怒髪上指(どはつじょうし)とは、激しい怒りによって髪の毛が逆立ち、指を上に挙げるほどの気迫を示す様子を意味する四字熟語です。一般的な辞書では「非常に激しい怒りの形相」「怒りで髪が逆立つほどの様子」と記載されます。

  • 「怒髪」は怒りで逆立った髪の毛、
  • 「上指」は指を高く掲げることで、

激昂した人物の全身を用いた威圧的な姿を表現しています。

怒髪上指の使い方と例

この言葉は、人物が理不尽な状況や裏切りなどに直面し、怒りが極限に達した状態を比喩的に表すときに使われます。ビジネスや日常の場面でも、強い抗議や主張の場面で効果的な表現です。

  • 彼は会議で非難されたとき、怒髪上指の形相で反論した。
  • 彼女の約束破りに、父は怒髪上指して詰め寄った。
  • ニュースを見た市民たちは怒髪上指の勢いで抗議活動を始めた。

語源・由来|『史記』項羽本紀に記された樊噲の忠義

「怒髪上指」は、『史記』項羽本紀に記された「鴻門の会」において、劉邦の家臣・樊噲(はんかい)が見せた激しい怒気と気迫に由来します。

楚の覇王・項羽が劉邦を宴に招いた「鴻門の会」は、表向きは和解の場でしたが、実際には劉邦暗殺を目論んだ策略でした。宴の最中、項羽の部下・項荘が剣舞を始め、劉邦を討とうとしたその気配を、張良が察知します。張良はすぐに劉邦の護衛・樊噲にその旨を伝えました。

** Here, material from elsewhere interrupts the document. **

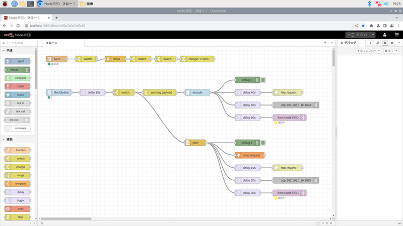 送受信処理は、それぞれNode-REDにて作成した。

それを聞いた樊噲は、剣と盾を持って無断で宴席に突入。番兵を押しのけ、項羽の前に立ちはだかり、睨みつけながら堂々と立ち尽くします。その姿と表情は、周囲の空気を一変させるものであり、『史記』は次のように記しています。

原文:
怒髮上指
 目眦盡裂

書き下し文:
怒髪上指
し、目眦ことごとく裂く。

訳文:
樊噲の髪は怒りで逆立ち、指を上に挙げて項羽を睨みつけ、目は裂けるほどに見開かれていた。

その圧倒的な気迫に、項羽は剣に手をかけつつも即座に殺害には動かず、冷静に問いただしました。「客、何を為す者ぞ?」と尋ねると、張良が「沛公の参乗、樊噲なり」と答えます。

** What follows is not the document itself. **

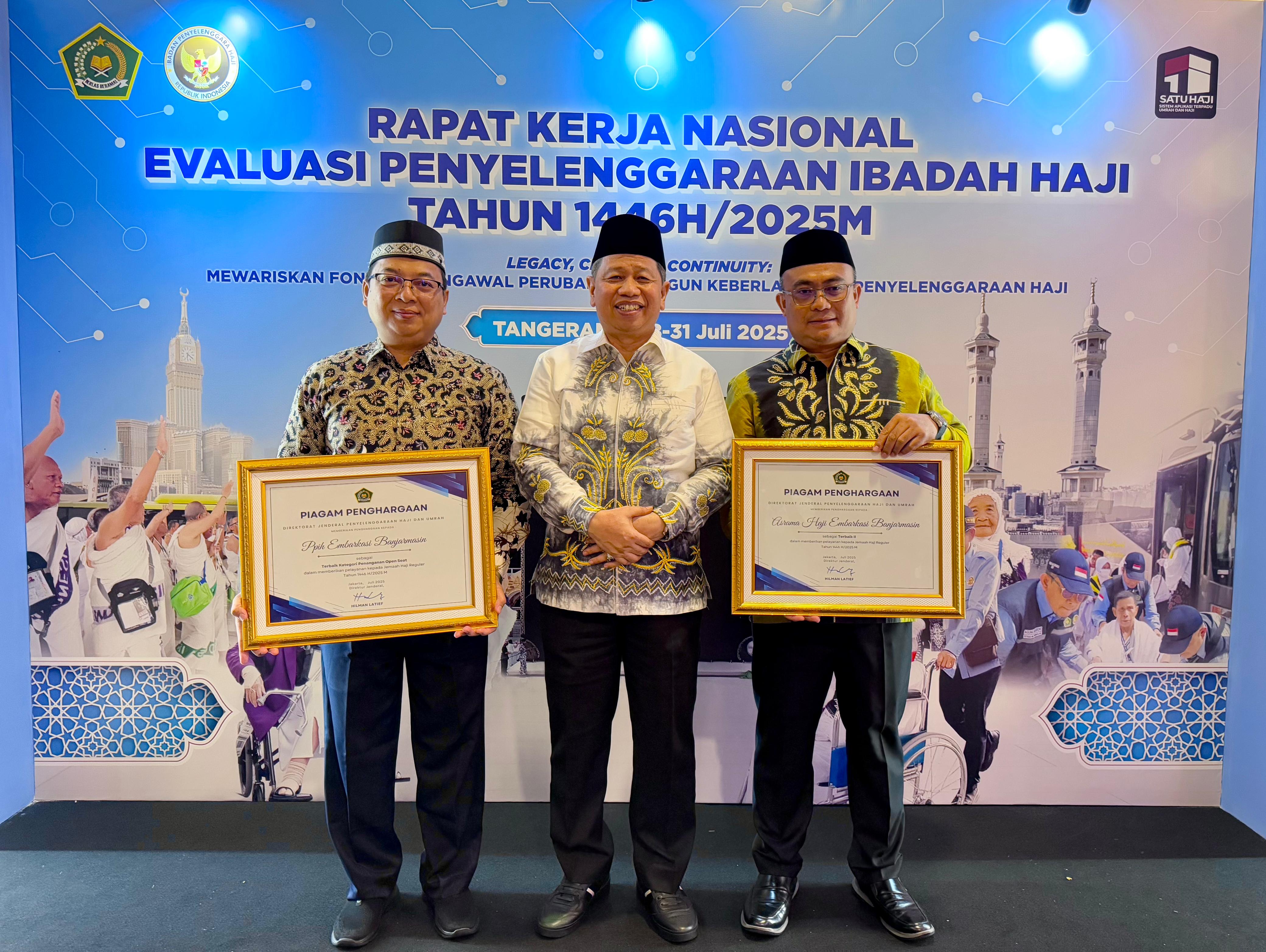 Diunggah Tanggal 29-07-2025 11:40:21 UnduhKa.Kanwil Kementerian Agama Provinsi Kalimantan Selatan Dr H Muhammmad Tambrin Didampingi Kepala Bidang Penyelenggaraan Haji Dan Umrah (PHU) Dr H Eddy Khairani Dan Kepala UPT Asrama Haji Embarkasi Banjarmasin Dr H Haris Fadillah Usai Menerima Penghargaan Peringkat 3 Nasional Kategori Penanganan Open Seat Di Kegiatan Rakernas Evaluasi Haji 1446 H/2025 M

これを聞いた項羽は、「壮士なり」と樊噲の胆気を称え、酒を振る舞いました。さらに彘肩(ていけん=豚の肩肉)を賜り、樊噲はそれを剣で切り、その場で堂々と食したと記されています。

この一連の行動は、暗殺の空気が漂う中で樊噲が状況を変え、項羽の意識に直接影響を与えたことを物語っています。まさに「怒髪上指」は、ただの怒りではなく、場を制する忠臣の胆力を示す故事なのです。

楚漢戦争と鴻門の会に関わる他の四字熟語

「怒髪上指」は、楚漢戦争や鴻門の会に関連する場面から生まれた四字熟語です。同様の背景を持つ言葉も併せてご紹介します。

怒髪上指の類義語・対義語

類義語

語句 意味
怒髪衝天(どはつしょうてん) 怒りで髪の毛が天を突くように逆立つこと
怒髪指冠(どはつしかん) 怒りで髪が冠を突き上げるほど逆立つこと

対義語

語句 意味
泰然自若(たいぜんじじゃく) どんな状況でも落ち着いて動じないさま
心頭滅却(しんとうめっきゃく) 心を無にして苦しみや怒りを克服すること
言笑自若(げんしょうじじゃく) どんなときでも普段通りに話し笑う、冷静さを保つさま。三国志・関羽に由来

怒りの極限と忠義の象徴としての「怒髪上指」

「怒髪上指」は、ただ怒りを表すだけの言葉ではありません。主君を守るために命をかけ、敵陣に一人乗り込んだ樊噲のように、信念と覚悟を持って行動した人間の姿を象徴しています。

その表情や姿勢が鮮やかに描かれたこの語句は、現代においても、真の怒りや信義を貫く精神を表現する力強い言葉として私たちに訴えかけてきます。